В другом нашем исследовании изучалась схема ВААРТ, содержащая 2 НИОТ и ИП + ритонавир [11]. Добавление к ИП 1-2 таблеток ритонавира в сутки позволяет принимать ИП 1-2 раза в день, значительно уменьшив суточное число его капсул. В данном случае ритонавир усиливает действие второго ИП, увеличивая его концентрации в крови и замедляя выведение из организма.

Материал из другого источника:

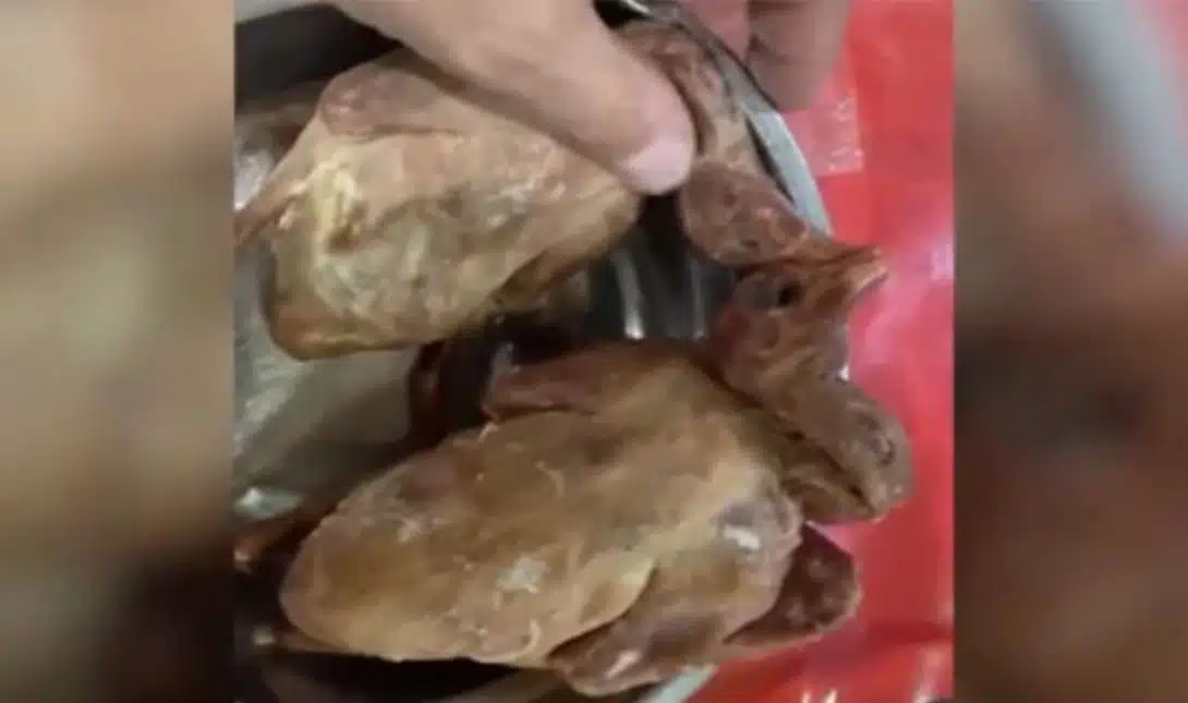 Ένα άλλο βίντεο δείχνει μια σακούλα γεμάτη με κρέας και αρκετά μπολ με ξεπουπουλιασμένα και μαγειρεμένα περιστέρια του δρόμου.

Под наблюдением сотрудников Федерального НМЦ ПБ СПИД МЗ РФ находилось 25 инфицированных ВИЧ пациентов, ранее не леченных АРП. Больные в течение 24 недель получали ВААРТ по схеме: саквинавир SGC (1600 мг 1 раз в день) + ритонавир (100 мг 1 раз в день внутрь вместе с саквинавиром SGC) + диданозин и фосфазид в стандартных дозах. В результате лечения уровень РНК ВИЧ снизился на 2,01 log10 (медиана), а у 63% больных – ниже уровня определения тест-системой (400 копий в мл); медиана количества CD4-лимфоцитов увеличилась на 220 клеток в 1 мм3; значительно повысился иммунорегуляторный коэффициент (соотношение CD4/8). Лечение данной схемой было не только эффективным, но и безопасным, поскольку большинство нежелательных явлений (в основном со стороны желудочно-кишечного тракта) имели легкую степень выраженности и транзиторный характер. Повышение уровней АсАТ или АлАТ регистрировали лишь у пациентов, имевших в анамнезе хронический гепатит В или С. Кроме того, терапевтическая схема с использованием в течение 6 месяцев усиленного ИП (комбинация саквинавир SGC + ритонавир) в минимальных суточных дозах практически не оказывала влияния на показатели липидного обмена [11].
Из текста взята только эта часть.